Lecture 8 Flashcards
(17 cards)
What are the three main aspects of chemical reactions that enzymes affect?
1) Thermodynamics (direction & energy changes)
2) Structural changes (transition states)
3) Kinetics (reaction speed)
Why do thermodynamically favorable reactions sometimes occur slowly?
Because the formation of transition states requires overcoming an activation energy barrier (ΔG‡), which is often high.
What is the difference between thermodynamics and kinetics in enzyme-catalyzed reactions?
Thermodynamics (ΔG) determines if a reaction is favorable, while kinetics (ΔG‡) determines the speed of the reaction.
What is the transition state in a reaction?
The highest energy intermediate, representing the most unstable structure during the reaction.
How do enzymes increase reaction rates?
By lowering the activation energy (ΔG‡) and stabilizing the transition state.
Does an enzyme change the overall ΔG of a reaction?
No, it only lowers the activation energy but does not affect the overall thermodynamics.
How much can enzymes enhance reaction rates?
Enzymes can speed up reactions by factors of 10⁶ to 10²⁰ times.
What are the two models for enzyme-substrate binding?
1) Lock and Key Model (Emil Fischer, 1894) – substrate fits perfectly into the enzyme.
2) Induced Fit Model (Daniel Koshland, 1958) – enzyme and substrate undergo conformational changes for better binding.
Which model explains both specificity and catalysis?
The Induced Fit Model, because it accounts for enzyme flexibility and transition-state stabilization.

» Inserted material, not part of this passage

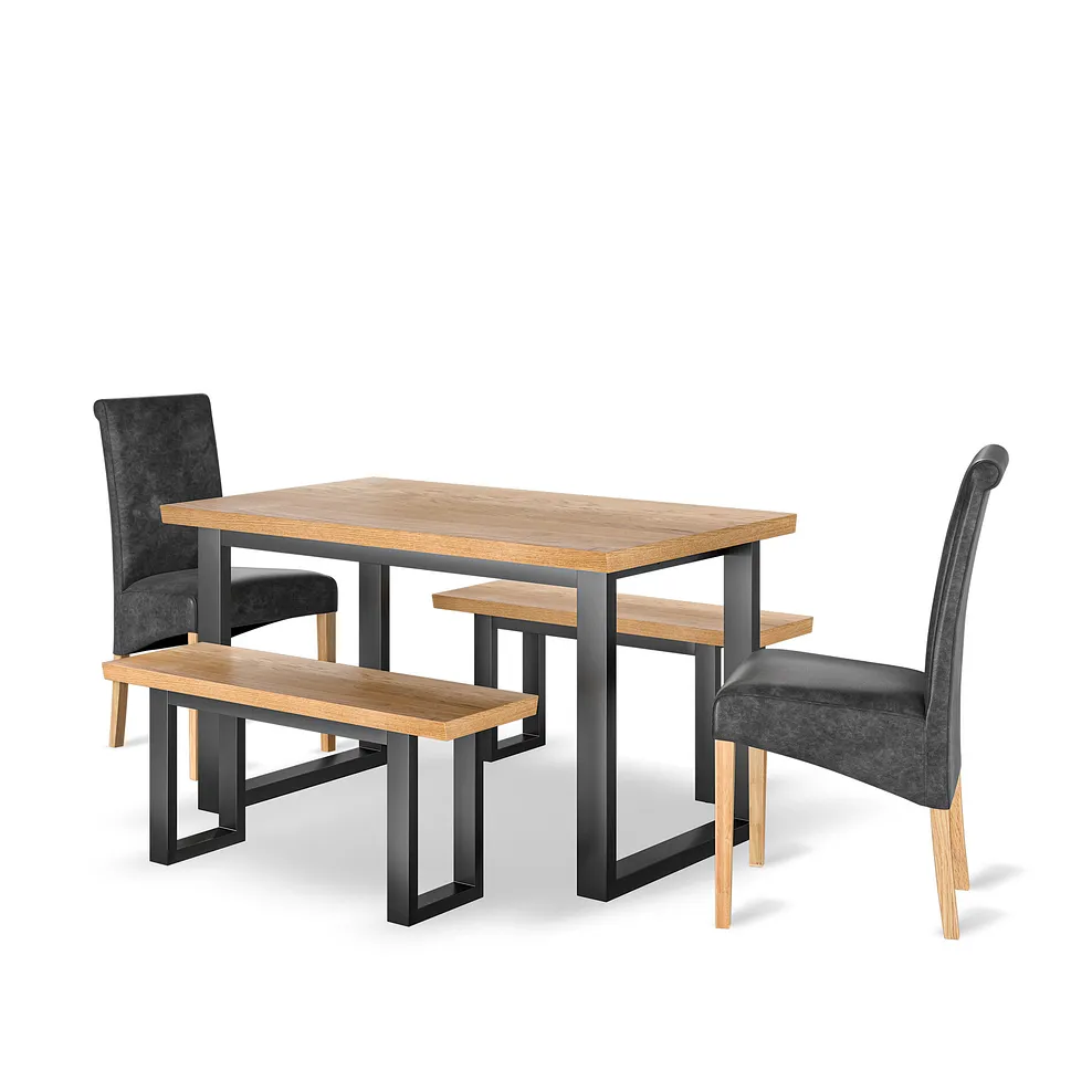 Two matching oak and metal Maine benches and two modern Scroll Back chairs feature solid oak legs and are upholstered in Vintage black leather-look fabric for added style and comfort. The high-back design offers cushioning to support your back, while the upholstered finish brings a stylish touch to your dining space.

What are the six main ways enzymes enhance reaction rates? Give a slight description.
- Proximity & Orientation – Aligns reactants correctly.
- Substrate Distortion – Strains bonds to facilitate reaction.
- Electrostatic Catalysis – Stabilizes transition state charges.
- Metal Ion Catalysis – Uses metal ions to stabilize charges or generate nucleophiles.
- General Acid-Base Catalysis – Donates or accepts protons.
- Covalent Catalysis – Forms a transient covalent bond with the substrate.
What type of catalysis does chymotrypsin use?
Covalent catalysis and general acid-base catalysis.
What are the three key residues in the catalytic triad of serine proteases?
- Serine (Ser-195) – Acts as a nucleophile.
- Histidine (His-57) – Acts as a general acid/base.
- Aspartate (Asp-102) – Stabilizes histidine via electrostatic interactions.
What is the oxyanion hole in serine proteases?
A pocket in the enzyme that stabilizes the negatively charged tetrahedral intermediates.
What happens in the two tetrahedral intermediates of chymotrypsin catalysis?
The first forms when Ser-195 attacks the peptide bond, and the second forms when water attacks the acyl-enzyme intermediate.
What is the specificity of chymotrypsin, trypsin, and elastase?
Chymotrypsin – Cleaves after aromatic residues (Trp, Tyr, Phe).
Trypsin – Cleaves after positively charged residues (Lys, Arg).
Elastase – Cleaves after small, nonpolar residues (Ala, Ser).
How are enzymes classified?
By the type of reaction they catalyze (hydrolases, oxidoreductases, transferases, etc.).
What class of enzyme are proteases?
Hydrolases – enzymes that break peptide bonds using water.